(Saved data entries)
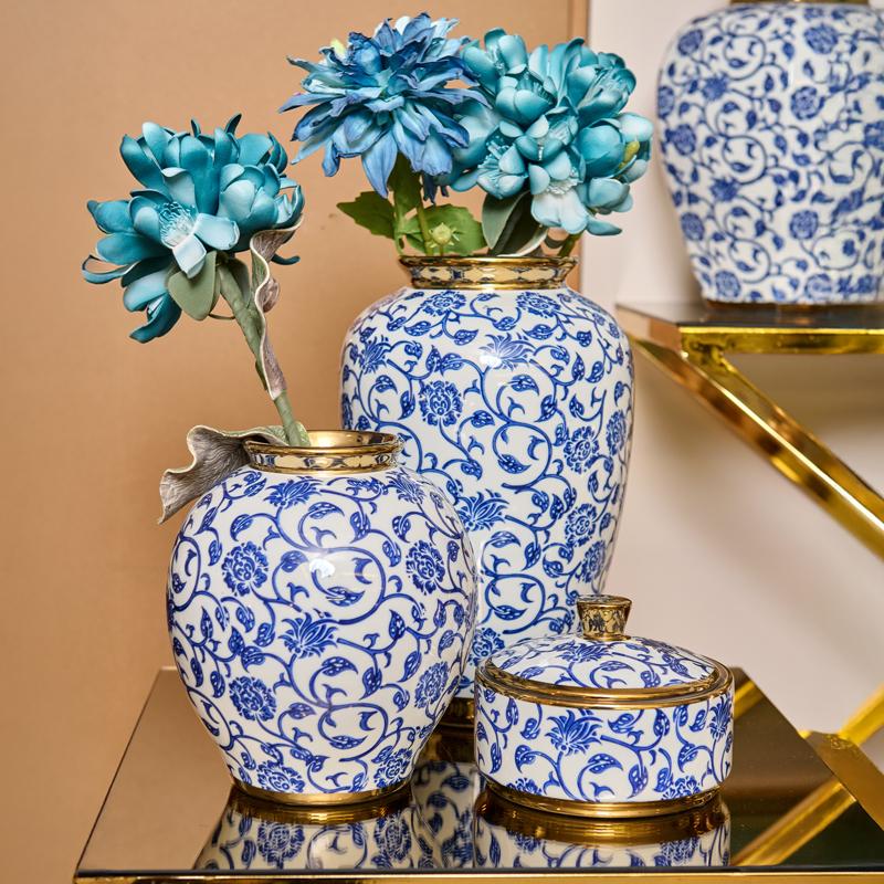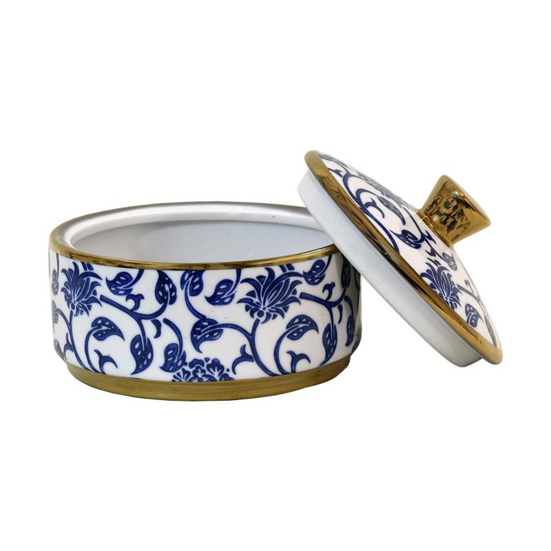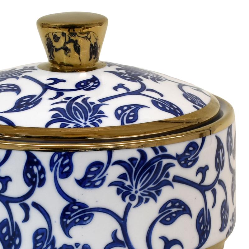 ΚΕΡΑΜΙΚΟ ΔΟΧΕΙΟ ΜΕ ΚΑΠΑΚΙ Fylliana FL22960 ΜΠΛΕ-ΛΕΥΚΟ-ΧΡΥΣΟ ΧΡΩΜΑ 15x11εκ
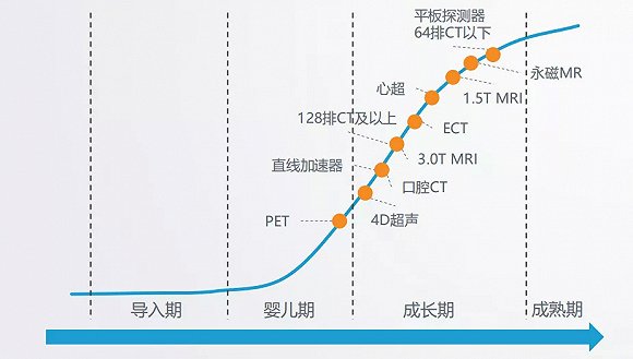 目前中國影像診斷技術比全球技術大約落后5-10年。據調查,目前國產醫療影像多項較前沿技術,除PET處于嬰兒期末期,大多數處于成長期,其中128排CT及以下平板探測器、永磁MRI等技術正逐漸向成熟期發展。
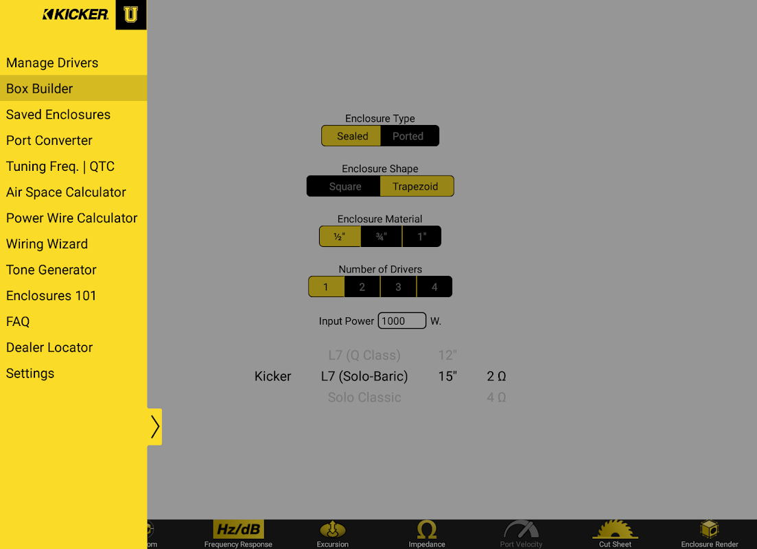Эта версия содержит калькуляторы для выяснения порт Размеры и настройки частот и включает в себя возможность загрузки и сохранения Тиля-Смолла параметры для создания коробки для любого водителя, у вас есть.
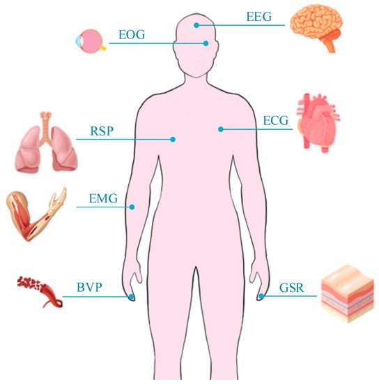 Human emotion is a spontaneous mental state, which is reflected in the physiological changes of the human body and significantly affects our consciousness [76]. Many other physiological signals in the human body, such as electroencephalogram (EEG) [66], electrocardiogram (ECG) [77], electromyogram (EMG) [78], galvanic skin response (GSR) [79], blood volume pulse (BVP) [80], and electrooculography (EOG) [81], as shown in Figure 7.
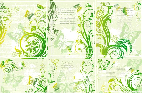 EPS格式,含JPG预览图,关键字:矢量花纹,植物花纹,绿色,清新,蝴蝶,藤蔓植物,怀旧风格,磨痕,暗纹,矢量图
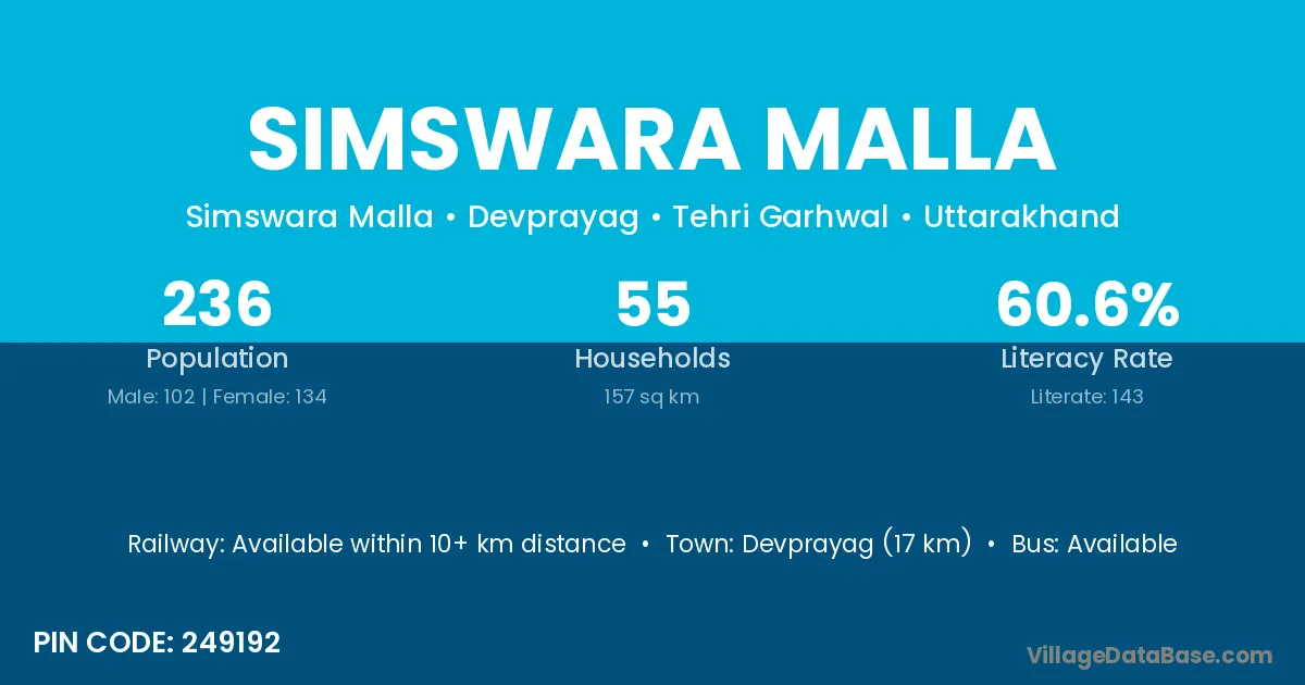 Devprayag (17 km) is the nearest town to Simswara Malla village for major economic activities and is located approximately 17 km away.

YOUR INSTRUCTIONS:
From the records above, return exactly the lines running from the one that contains "Эта версия содержит" down to the one that contains "EPS格式,含JPG预览图,关键字:矢量", both included, without any pictures.

COMPLETED TASK:
Эта версия содержит калькуляторы для выяснения порт Размеры и настройки частот и включает в себя возможность загрузки и сохранения Тиля-Смолла параметры для создания коробки для любого водителя, у вас есть.
 Human emotion is a spontaneous mental state, which is reflected in the physiological changes of the human body and significantly affects our consciousness [76]. Many other physiological signals in the human body, such as electroencephalogram (EEG) [66], electrocardiogram (ECG) [77], electromyogram (EMG) [78], galvanic skin response (GSR) [79], blood volume pulse (BVP) [80], and electrooculography (EOG) [81], as shown in Figure 7.
 EPS格式,含JPG预览图,关键字:矢量花纹,植物花纹,绿色,清新,蝴蝶,藤蔓植物,怀旧风格,磨痕,暗纹,矢量图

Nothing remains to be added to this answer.